When is $\Gamma'(x)=0$, given $x>0$?
There is only one value in this range which is $x≈1.461632$, but I can’t seem to get it in exact form.
I’ve tried taking the derivative of the definition of the Gamma function, but that doesn’t seem to get me very far.
Any help is appreciated.
You can obtain decent approximations of the root.
We have $$\Gamma'(x)=\Gamma (x)\, \psi (x)$$ which means that we look for the zero of $\psi (x)$ (the digamma function).
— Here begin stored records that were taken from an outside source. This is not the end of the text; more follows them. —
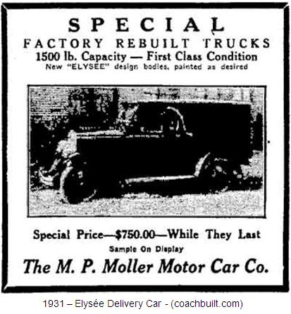 Se dice que el único vehículo realmente “made in” “Möller Co.”, fue el Elysée panel delivery. El Elysee, utilizaba la misma parrilla de radiador y el mismo motor Continental Red Seal de 6 cilindros que el coche Standish, y se ofrecía en diferentes versiones de carrocería tipo “Band Box”; el “Fifth Avenue”, el “Courier” y el “Mercury”, con diferentes capacidades de carga. Se trataba de coches de reparto elegantes, que eran utilizados para el reparto y entrega de paquetes delicados a las casas ricas y elegantes.
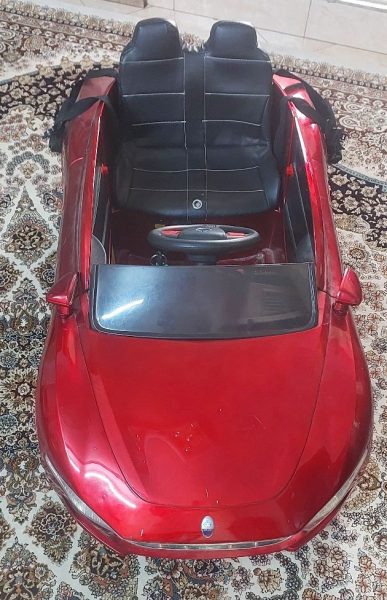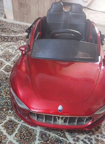 ماشین شارژی مازراتی دارای آهنگ خودماشین و رم خور.حالت گهواره هم داره.خط و خش روی بدنه.باطری سالم.تحمل وزن تا ۳۰کیلو.
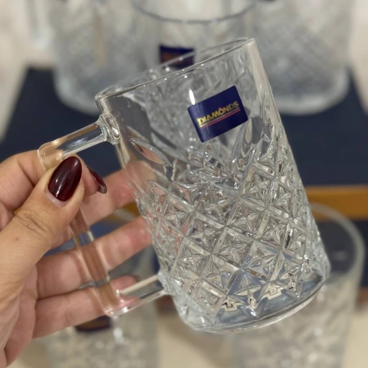 لیوان دسته دار تراشدار برند diamonds شش تایی
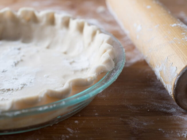 Place the dough in a pie plate and bake at 400 degrees F until lightly golden brown. Let cool then use as needed. Makes enough dough for one 8-inch pie crust.
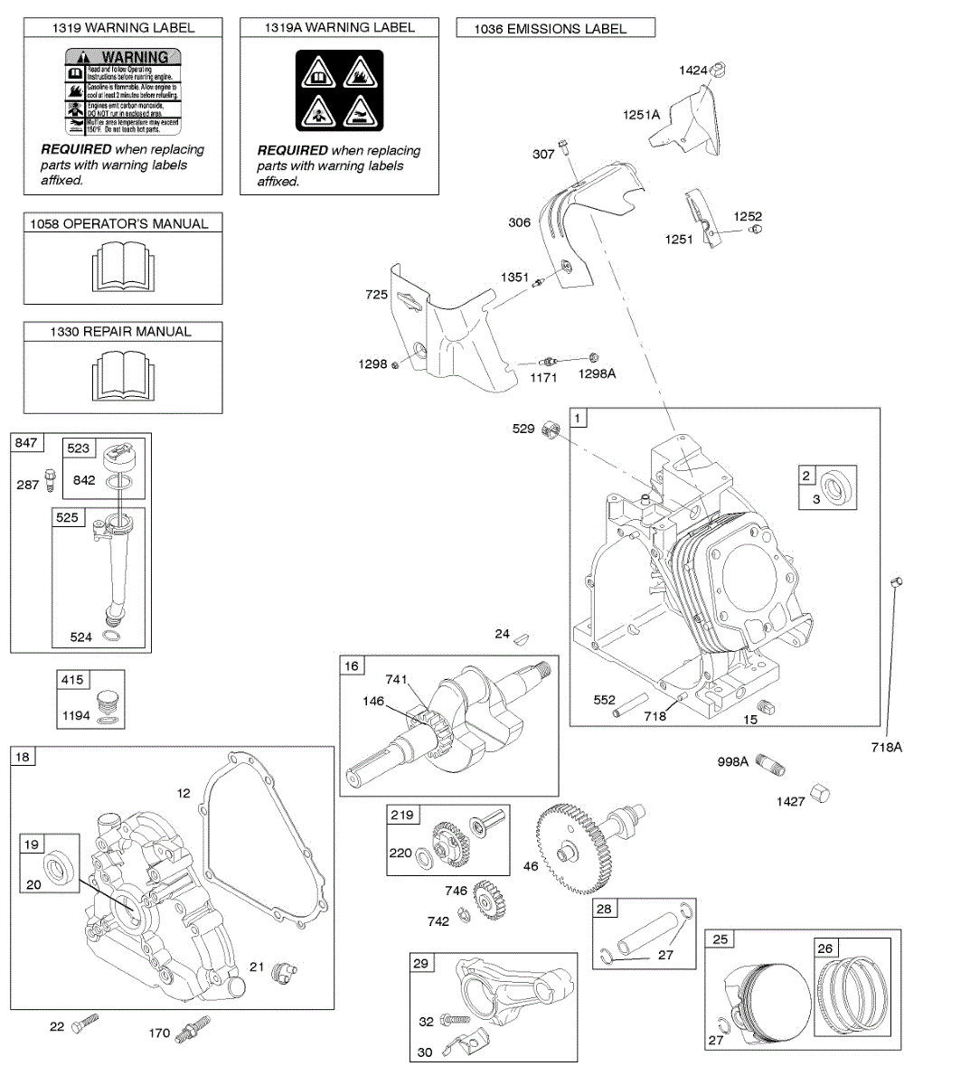Parts for Briggs & Stratton 20M114-0937-E1: Camshaft, Crankcase Cover, Crankshaft, Cylinder, Lubrication, Operator's Manual, Piston / Rings / Connecting Rod, Warning Label Parts
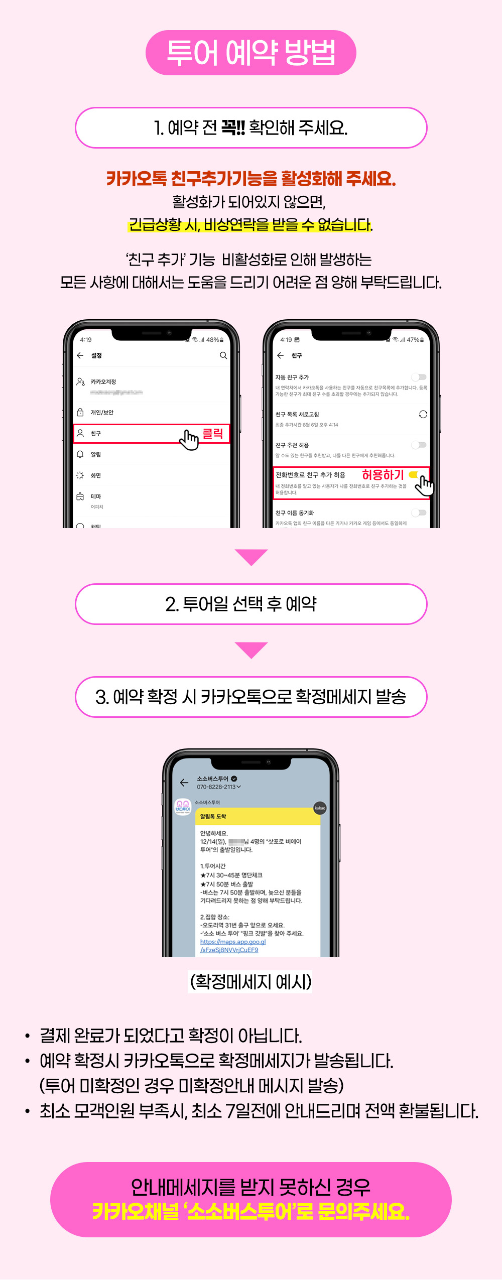 버스는 정각에 출발하니 늦지 않게 집합 장소로 모여 주시기 바랍니다.
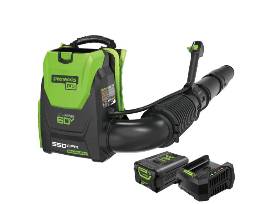 - The 60V 550 CFM Cordless Battery Backpack Blower includes a 5.0Ah Battery & Charger, delivers more power and performance than typical gas-powered blowers, without the noise, fumes, or harmful emissions and is ideal for yards up to 2/3 acre.
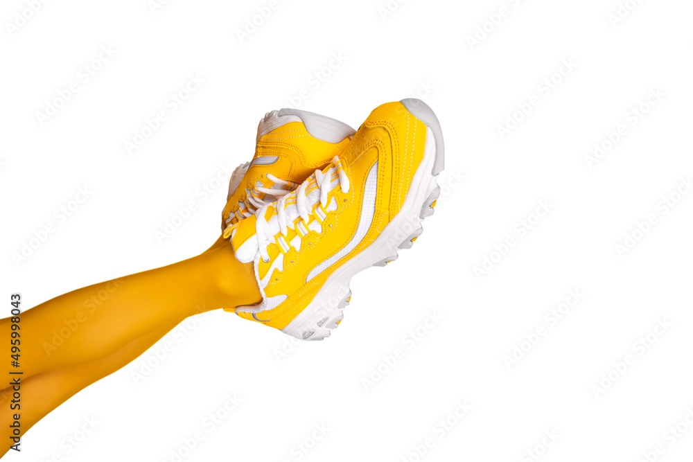 New Yellow female sneakers on long slender woman legs in yellow tights isolated on white background. Banner with copy space.

The solution is "close" to $1.5$.
Developed as a series $$\psi (x)=(2-\gamma -2 \log (2))+\left(\frac{\pi ^2}{2}-4\right) \left(x-\frac{3}{2}\right)+(8-7 \zeta (3))\left(x-\frac{3}{2}\right)^2 +$$ $$\left(\frac{\pi ^4}{6}-16\right) \left(x-\frac{3}{2}\right)^3+ (32-31 \zeta (5))\left(x-\frac{3}{2}\right)^4+\left(\frac{\pi ^6}{15}-64\right) \left(x-\frac{3}{2}\right)^5+O\left(\left(x-\frac{3}{2}\right)^6\right)$$
Using series reversion $$x=\frac{3}{2}+t+\frac{2 (7 \zeta (3)-8)}{\pi ^2-8}t^2+$$ $$\frac{ \left(-2688 \zeta (3)+1176 \zeta (3)^2+768+96 \pi ^2+8 \pi ^4-\pi ^6\right)}{3 \left(\pi ^2-8\right)^2}t^3+O\left(t^4\right)$$ where $t=-\frac{2 (2-\gamma -2 \log (2))}{\pi ^2-8}$.
Using this very truncated series, an approximation of the root is $x=1.461632068$ while the solution given by Newton method is $x=1.461632145$.